The ambassador said that people-to-people linkages were very important in the peculiar case of Turkiye and Pakistan, adding that the South Asian country with close to 250 million population was very important for Turkiye economically.

“We should capitalise on opportunities made available by Pakistan’s inclusion into the Transports Internationaux Routiers (TIR) convention pertaining to land-based cargo and Trade in Goods Agreement (TGA) signed between the two countries,” said FPCCI President Irfan Iqbal Sheikh.

 

Industrialists and IT experts, while talking to The Express Tribune, said that there was over $5 million trade deficit with Turkiye and if Pakistan intended to bridge the gap forthwith, it would have to export IT services as it was the shortest possible way.

They said that IT services comprised programming, designing, software development, robotic machine learning and other such services. They added that the IT industry could gain good business in Turkiye immediately in comparison with other industries which could take a longer time to leave their impact on Turkiye markets.

At present, Pakistan’s exports include textile, leather, sports goods, surgical instruments, agricultural products, rice and the like.
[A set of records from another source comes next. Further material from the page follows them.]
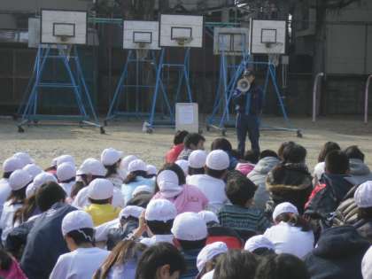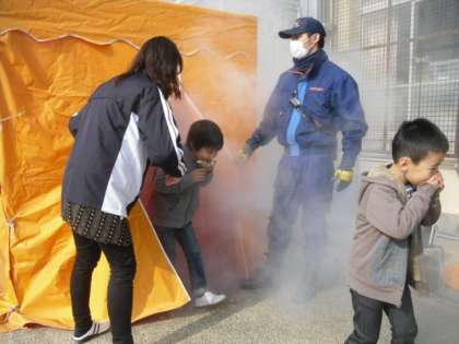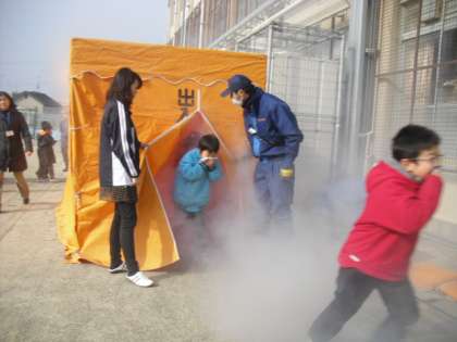 今日は避難訓練がありました。地震から火事が発生するという設定で,子ども達は,机の下に隠れた後避難の合図と共に運動場に避難しました。子ども達は避難経路を確認すると共に,緊急時への心構えや緊張感を持つことの大切さを学んだ一時間になったここと思います。また,煙ハウスを体験し,子ども達にとって実際の火事の様子もイメージしやすくなったのではないかなと思います。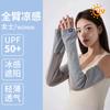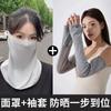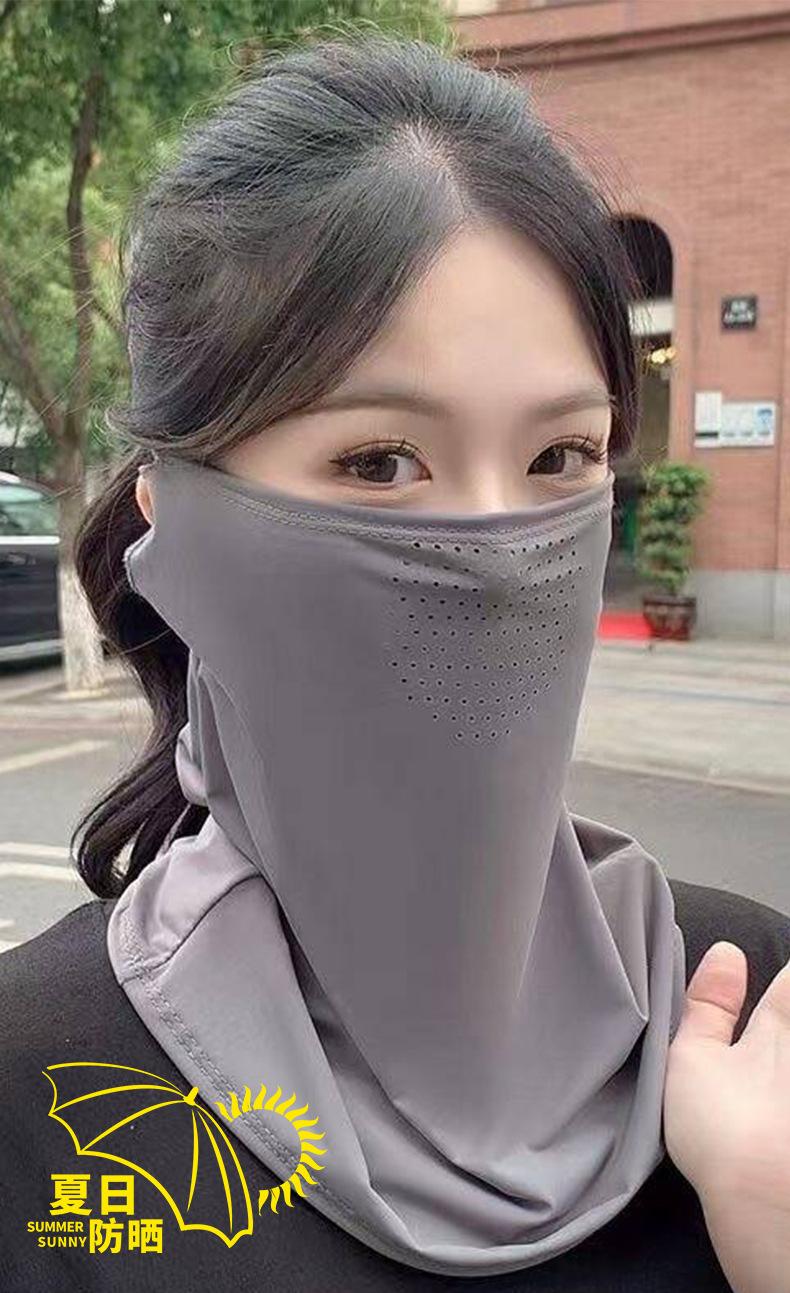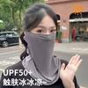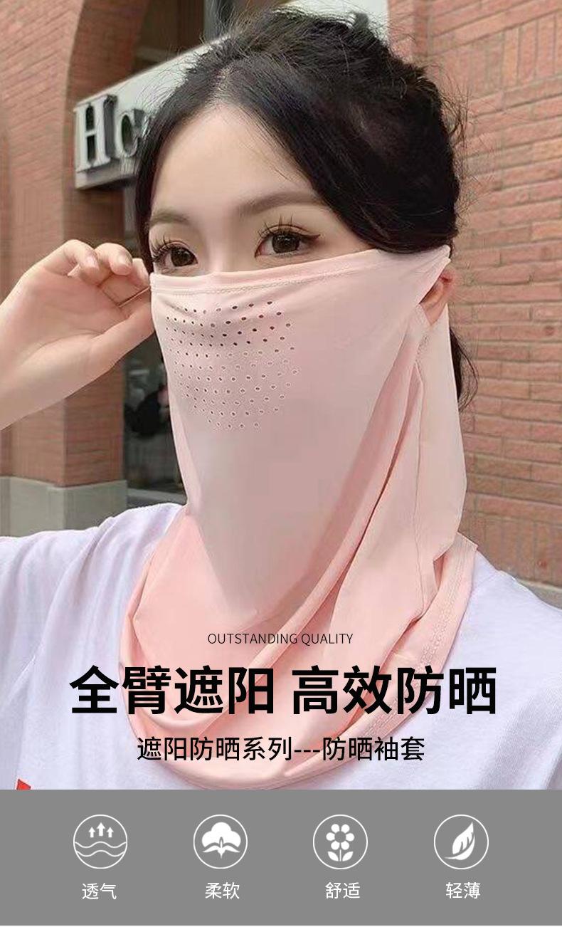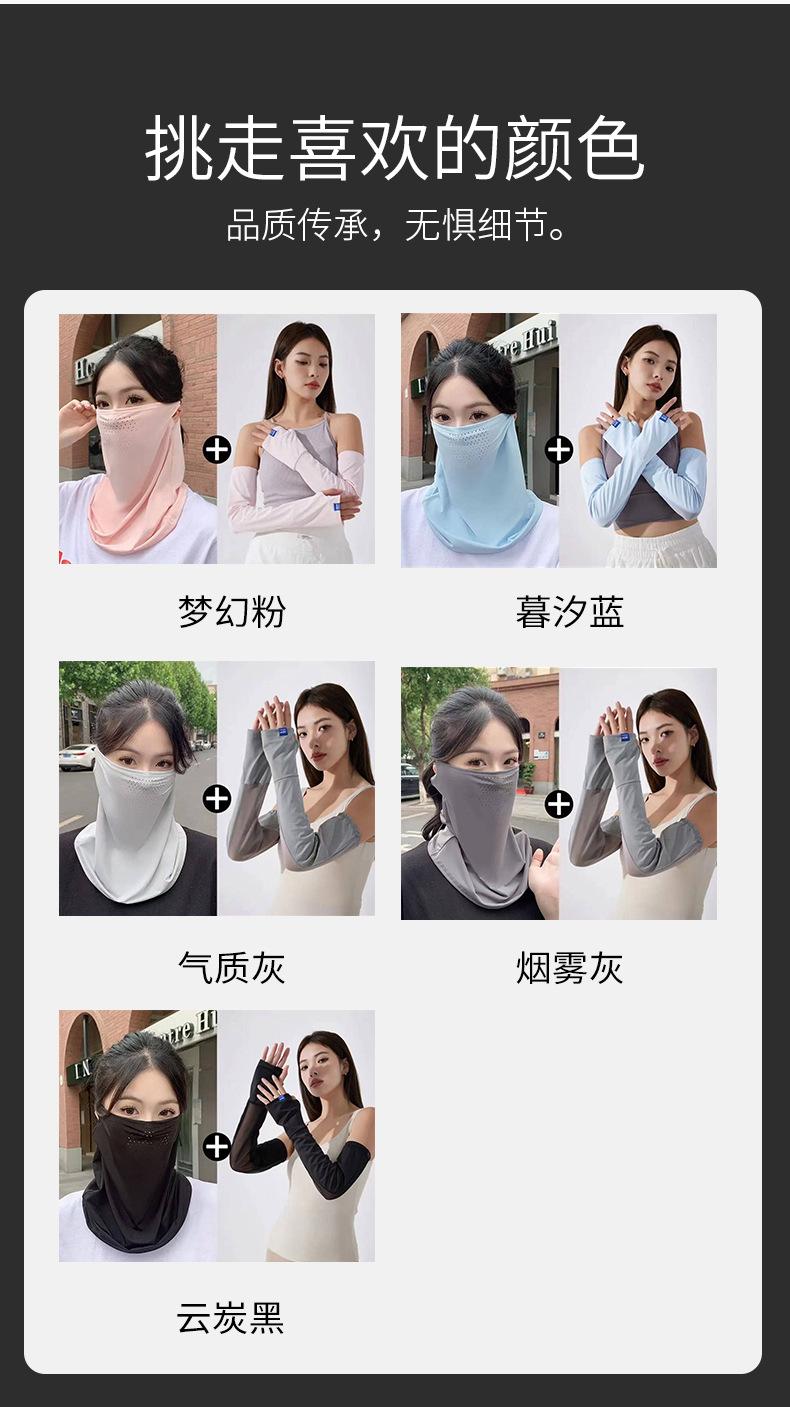 Mascarilla solar de verano para mujer, bufanda de protección para el cuello de secado rápido, conjunto combinado de mangas de hielo de seda helada transpirable para deportes de equitación al aire libre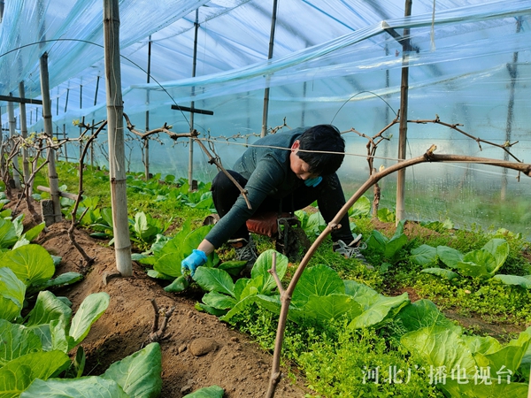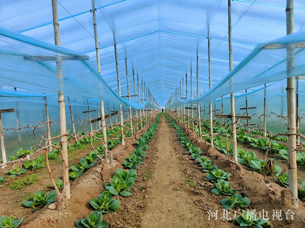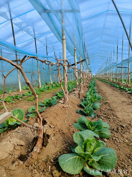 走进东堤北蔬菜大棚种植区北区,种植大户刘晓广的棚里,一株株葡萄藤顺着葡萄架蜿蜒,葡萄藤上已经开始抽芽。葡萄架下方,一颗颗绿油油的圆白菜正茁壮成长。据刘晓广介绍,今年他的的大棚采用的是套种的模式,主要种植葡萄,葡萄下间作圆白菜,提高了设施利用率和种植效益,收入能提高三成左右。利用套种模式每个棚平均一年纯收入在3万元以上。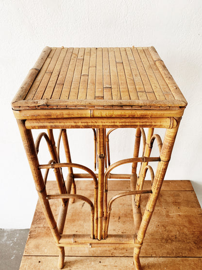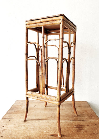 Tall vintage bamboo plant stand with arched sides. A little bit wobbly but sturdy enough to hold a larger sized plant.
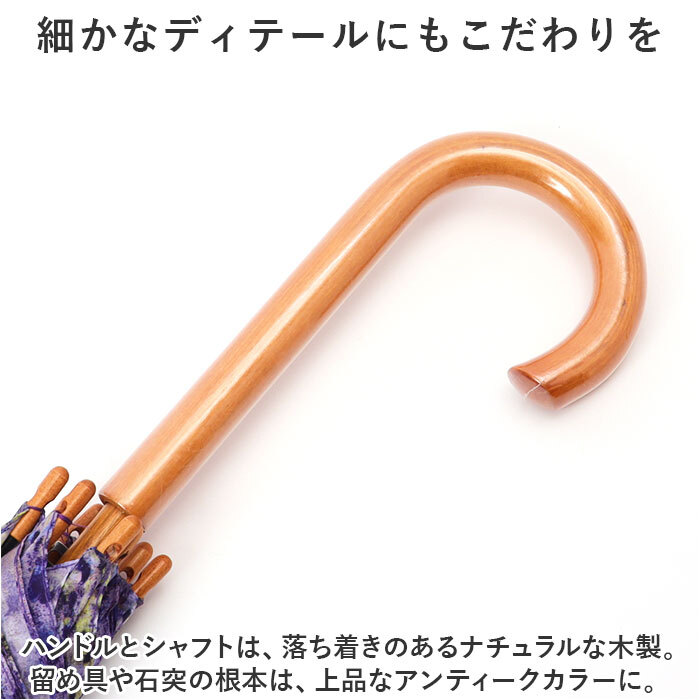 | 商品説明 | ・・名画の世界観に浸って、晴れやかな気持ちでお出かけ♪名画シリーズの「木製ジャンプ傘」が新登場。 ・【華やかな名画プリントデザイン】 ・世界的に有名な名画を、傘生地の全面にプリント。お気に入りの作品がきっと見つかる、豊富なバリエーション。 ・【細かなディテールにもこだわりを】 ・ハンドルとシャフトは、落ち着きのあるナチュラルな木製。留め具や石突の根本は、上品なアンティークカラーに。 ・【簡単ワンタッチオープン】 ・黒&ゴールドの開閉ボタンを押して、片手でサッと開きやすいジャンプ式。片手に荷物がある時や、突然の雨でも大丈夫! ・【軽くて丈夫な心強い味方☆】 ・しなやかなグラスファイバーと、スチールを使った骨組。持ち運びやすい軽量設計ながら、丈夫なつくり。 ・【しっかり留まるボタン式バンド】 ・傘生地を留めるバンドは、バチンっと留めやすいスナップボタン式。 ・【憂鬱な気分も吹き飛ばしてお出かけ】 ・色鮮やかな名画が、雨の日の落ち込む気持ちもパッと明るくしてくれる♪コーデのアクセントにもなるデザイン。 |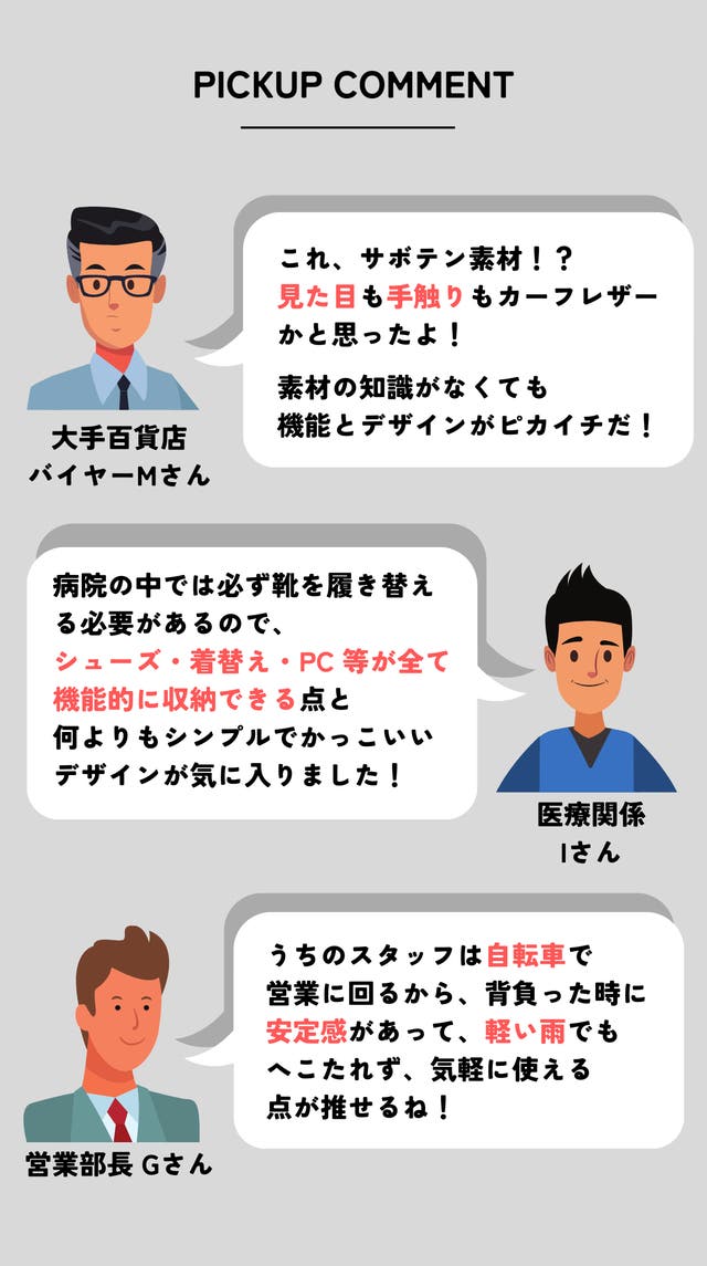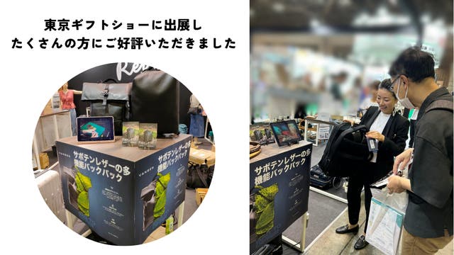 東京ギフトショーでは様々な業種の方にデザイン・機能どちらの面もほめていただきました。なめらかな手触りや、本革のような見た目なのにウォータープルーフでメンテナンスが必要のない点、靴専用のセクションがある点をほめていただけることが多かったです!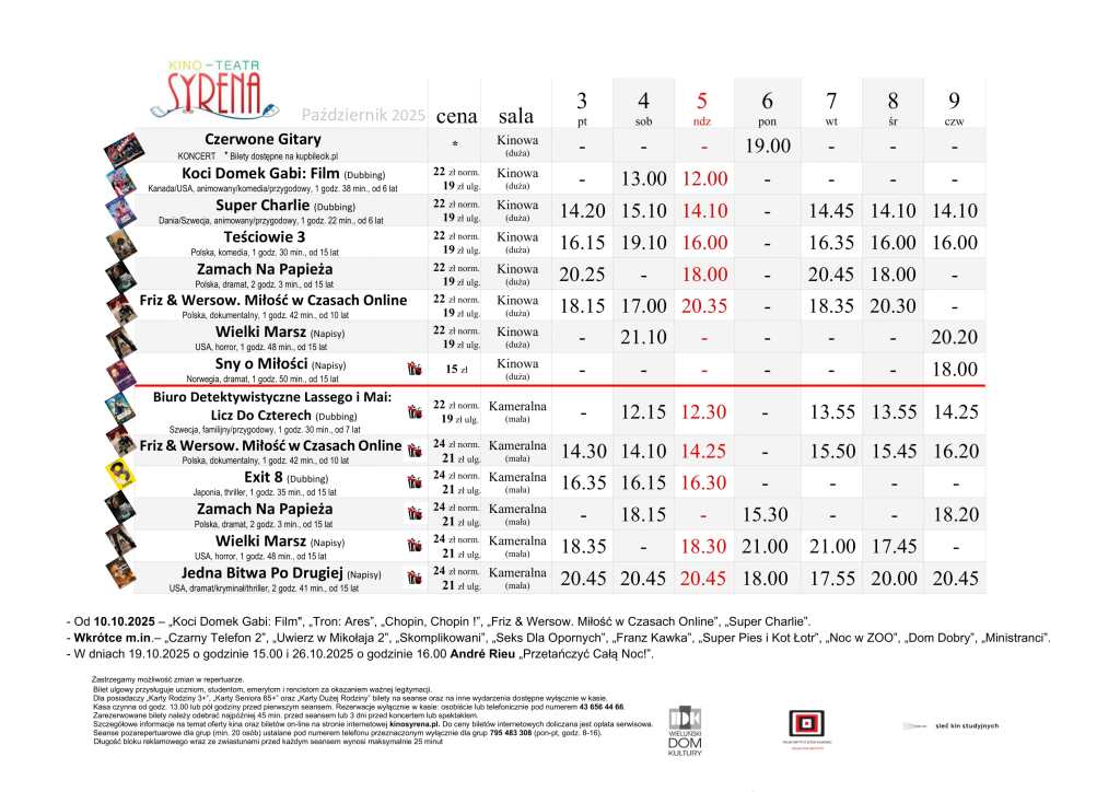 Kino Teatr „Syrena” w Wieluniu zaprasza na seanse filmowe. Na plakacie poniżej prezentujemy, co placówka przy ul. Narutowicza 2 zaprezentuje w dniach od 3 do 9 października. Bilety można zakupić TUTAJ.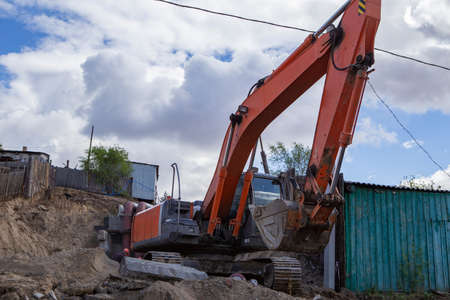 Orange tractor digs pit for construction of multi-storey building in residential area. Minsk, Belarus - 09.06.21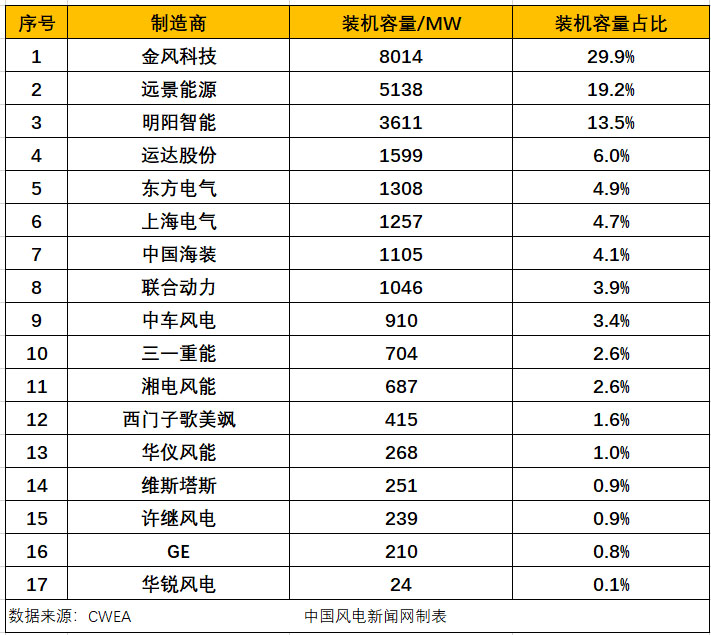 2019年,中國(guó)風(fēng)電有新增裝機(jī)的整機(jī)制造企業(yè)共17家,新增裝機(jī)容量2678.5萬(wàn)千瓦。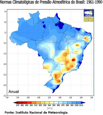 No Brasil, como um todo, as pressões são baixas. Mas, comparando uma região com outra, observe que aquelas que apresentam um relevo mais elevado, como Sudeste e Sul, contam menores índices de pressão atmosférica.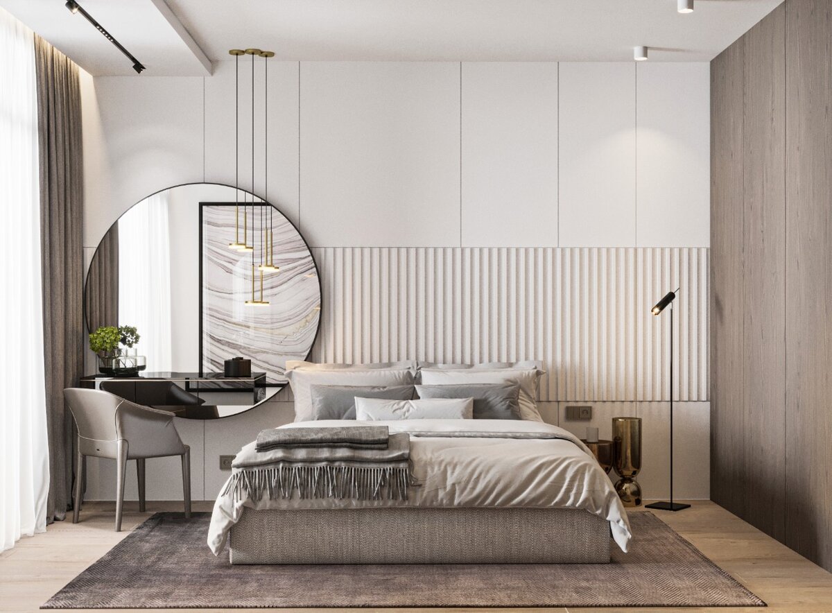 Наша студия дизайна интерьера разработала проект квартиры площадью 120 кв. метров на берегу Черного моря в Ялте. Ставку сделали на лаконичные формы, натуральные материалы и светлую гамму. В качестве основной палитры выбрали белый цвет. Он послужил удачным фоном для разнообразных текстур и оттенков. Интерьер получился стильный и современный, здесь нет ни одной лишней детали. Кухня совмещена с гостиной. Линейный гарнитур скрывается за раздвижными панелями, а вся необходимая бытовая техника встроена в колонны. Обеденная зона выделена фактурной стеной с подсветкой. Основной источник света расположен над столом. Светильники в стиле минимализм гармонируют с лаконичным черным столом и стульями. В гостиной много воздуха и света, данного эффекта удалось добиться за счет светлой отделки и минималистичной обстановки. В ТВ-зоне установлена стеновая панель с канелюрами и подсветкой. Телевизор "утоплен" в панель. В интерьере хозяйской спальни также использовали спокойные, нейтральные тона, располаг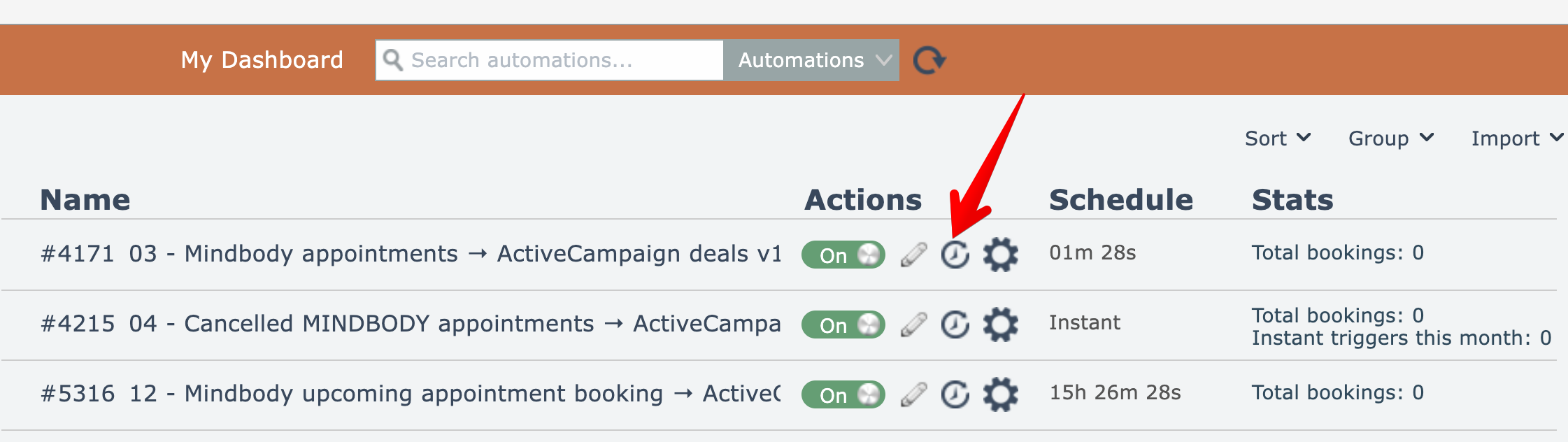 Learn how to easily access the detailed processing history of any automation by clicking on its history icon, conveniently depicted as an image. Stay informed about the steps and actions taken by the automation and ensure smooth performance.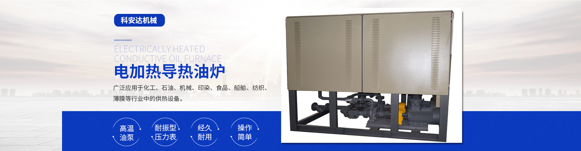 近年來我公司在延用自己的技術(shù)基礎(chǔ)上不斷引進(jìn)先進(jìn)技術(shù)與管理經(jīng)驗(yàn),專業(yè)研發(fā)制造電加熱導(dǎo)熱油爐(有機(jī)熱載體爐)、電磁感應(yīng)加熱器、電加熱爐、熱風(fēng)循環(huán)箱式預(yù)熱爐、風(fēng)道加熱器、空氣加熱罐、電加熱管、高溫電阻爐、保溫烘箱、烘道、鑄鋁鑄銅加熱器、防爆加熱器、遠(yuǎn)紅外加熱管、埋入式遠(yuǎn)紅外陶瓷加熱瓦、陶瓷加熱圈、不銹鋼云母電熱圈、碳化硅遠(yuǎn)紅外電加熱板、電熱帶 、真空清洗爐、三甘醇清洗爐等。產(chǎn)品適用于化纖、紡織、皮革、塑料機(jī)械、電纜機(jī)械、食品機(jī)械、橡膠機(jī)械、冶金、石油、化工、電子、醫(yī)療、海洋工程、家用電器等行業(yè)。同時(shí)可根據(jù)客戶使用與現(xiàn)場安裝的需要,設(shè)計(jì)、制造特殊規(guī)格的上述設(shè)備,企業(yè)以其先進(jìn)技術(shù)、合理的價(jià)格,周道的服務(wù)使產(chǎn)品遠(yuǎn)銷國內(nèi)外。

Moreover, Pakistan imports processed food, engineering goods, home appliances, confectionery, beverages, toys, defence products and others.

FPCCI Senior Vice President Muhammad Suleman Chawla stressed that Pakistan should aggressively explore new avenues for exports as the current bilateral trade of $1.3 billion was way below the true potential.

Expansion of economic relations must incorporate industrial collaborations and transfer of technology, he said.

FPCCI’s Pakistan-Turkiye Joint Business Council Chairman Amjad Rafi maintained that both countries should put in place a practical and efficient currency swap agreement to overcome the lack of commercial banking channels and other issues with corresponding banks.

He also said that land-based cargo under TIR reaches Istanbul in less than two weeks, which is around 30% of the time required for sea-based cargo. The cost of goods transportation could also be more than halved through that manner, he added.